There are multiple ways of specifying this.
from sklearn.datasets import load_iris
import numpy as np
from keras.models import Sequential
from keras.layers import Dense, Activation
iris = load_iris()
model = Sequential()
model.add(Dense(3, input_shape=(4,))) # input is 4 columns, output is 3 classes
model.add(Activation('softmax'))
model.compile(loss='sparse_categorical_crossentropy', optimizer='sgd', metrics=['accuracy'])
model.fit(iris.data, iris.target, verbose=1, batch_size=5, nb_epoch=15)
loss, accuracy = model.evaluate(iris.data, iris.target, verbose=0)
print("Accuracy is {:.2f}".format(accuracy))
"""
>>> model.fit(iris.data, iris.target, verbose=1, batch_size=5, nb_epoch=15)
Epoch 1/15
150/150 [==============================] - 0s - loss: 1.8285 - acc: 0.2867
Epoch 2/15
150/150 [==============================] - 0s - loss: 1.1306 - acc: 0.3467
Epoch 3/15
150/150 [==============================] - 0s - loss: 0.9325 - acc: 0.4333
Epoch 4/15
150/150 [==============================] - 0s - loss: 0.8028 - acc: 0.6533
Epoch 5/15
150/150 [==============================] - 0s - loss: 0.7247 - acc: 0.8000
Epoch 6/15
150/150 [==============================] - 0s - loss: 0.6637 - acc: 0.7867
Epoch 7/15
150/150 [==============================] - 0s - loss: 0.6029 - acc: 0.8400
Epoch 8/15
150/150 [==============================] - 0s - loss: 0.5830 - acc: 0.8000
Epoch 9/15
150/150 [==============================] - 0s - loss: 0.5570 - acc: 0.8200
Epoch 10/15
150/150 [==============================] - 0s - loss: 0.5279 - acc: 0.8333
Epoch 11/15
150/150 [==============================] - 0s - loss: 0.5297 - acc: 0.8267
Epoch 12/15
150/150 [==============================] - 0s - loss: 0.5055 - acc: 0.8200
Epoch 13/15
150/150 [==============================] - 0s - loss: 0.4978 - acc: 0.8400
Epoch 14/15
150/150 [==============================] - 0s - loss: 0.4910 - acc: 0.8333
Epoch 15/15
150/150 [==============================] - 0s - loss: 0.4755 - acc: 0.8333
<keras.callbacks.History object at 0x0000026119852D30>
>>>
>>> loss, accuracy = model.evaluate(iris.data, iris.target, verbose=0)

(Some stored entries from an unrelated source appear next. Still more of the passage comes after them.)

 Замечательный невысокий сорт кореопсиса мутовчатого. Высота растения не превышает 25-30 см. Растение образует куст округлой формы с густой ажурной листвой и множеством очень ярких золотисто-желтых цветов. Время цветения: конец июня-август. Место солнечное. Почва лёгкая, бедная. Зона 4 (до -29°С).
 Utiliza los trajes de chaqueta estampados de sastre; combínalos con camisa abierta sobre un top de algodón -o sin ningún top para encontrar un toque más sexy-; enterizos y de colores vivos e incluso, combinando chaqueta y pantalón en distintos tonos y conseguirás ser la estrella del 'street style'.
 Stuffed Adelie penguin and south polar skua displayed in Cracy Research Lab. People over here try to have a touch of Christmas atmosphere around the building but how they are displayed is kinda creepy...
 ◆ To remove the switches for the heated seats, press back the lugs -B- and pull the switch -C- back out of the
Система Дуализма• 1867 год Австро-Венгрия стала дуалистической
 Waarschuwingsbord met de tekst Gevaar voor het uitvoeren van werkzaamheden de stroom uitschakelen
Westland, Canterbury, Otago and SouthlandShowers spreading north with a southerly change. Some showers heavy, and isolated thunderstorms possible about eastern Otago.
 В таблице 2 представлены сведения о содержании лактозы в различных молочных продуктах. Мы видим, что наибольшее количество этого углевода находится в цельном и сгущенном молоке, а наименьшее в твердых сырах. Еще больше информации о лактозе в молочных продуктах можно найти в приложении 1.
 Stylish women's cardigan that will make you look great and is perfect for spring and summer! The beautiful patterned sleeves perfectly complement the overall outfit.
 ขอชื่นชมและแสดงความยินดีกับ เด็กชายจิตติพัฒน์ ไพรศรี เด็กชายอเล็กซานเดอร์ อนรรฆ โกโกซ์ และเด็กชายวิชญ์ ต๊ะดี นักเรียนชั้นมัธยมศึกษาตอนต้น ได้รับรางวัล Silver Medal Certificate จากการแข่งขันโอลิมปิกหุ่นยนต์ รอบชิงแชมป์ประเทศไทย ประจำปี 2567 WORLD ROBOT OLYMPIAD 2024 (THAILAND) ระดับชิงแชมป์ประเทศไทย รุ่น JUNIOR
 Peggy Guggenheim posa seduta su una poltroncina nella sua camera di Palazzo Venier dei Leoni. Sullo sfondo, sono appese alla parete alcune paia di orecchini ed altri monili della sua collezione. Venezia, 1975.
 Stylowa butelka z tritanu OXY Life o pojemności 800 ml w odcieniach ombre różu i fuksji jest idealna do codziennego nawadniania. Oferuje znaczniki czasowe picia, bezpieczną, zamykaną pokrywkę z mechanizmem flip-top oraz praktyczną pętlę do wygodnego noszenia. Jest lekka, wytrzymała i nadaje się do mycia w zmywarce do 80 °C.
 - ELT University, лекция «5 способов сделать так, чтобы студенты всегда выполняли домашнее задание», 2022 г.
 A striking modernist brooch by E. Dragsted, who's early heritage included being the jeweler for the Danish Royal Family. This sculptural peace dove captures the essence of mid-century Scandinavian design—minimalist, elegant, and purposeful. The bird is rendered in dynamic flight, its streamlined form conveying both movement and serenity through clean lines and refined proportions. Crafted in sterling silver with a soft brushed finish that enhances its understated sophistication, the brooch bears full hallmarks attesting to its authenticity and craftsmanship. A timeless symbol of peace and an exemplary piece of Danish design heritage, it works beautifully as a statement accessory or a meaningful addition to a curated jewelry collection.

>>> print("Accuracy is {:.2f}".format(accuracy))
Accuracy is 0.89
"""
The second way we can have it like a “pipeline” kind of notion, We can also use a different loss function. If we do we may need to change our encoding for our response to a one hot encoder. Fortunately keras offers utility functions to do this.
from keras.utils import np_utils
model = Sequential([
Dense(3, input_shape=(4,)),
Activation('softmax'),
])
model.compile(loss='categorical_crossentropy', optimizer='sgd', metrics=['accuracy'])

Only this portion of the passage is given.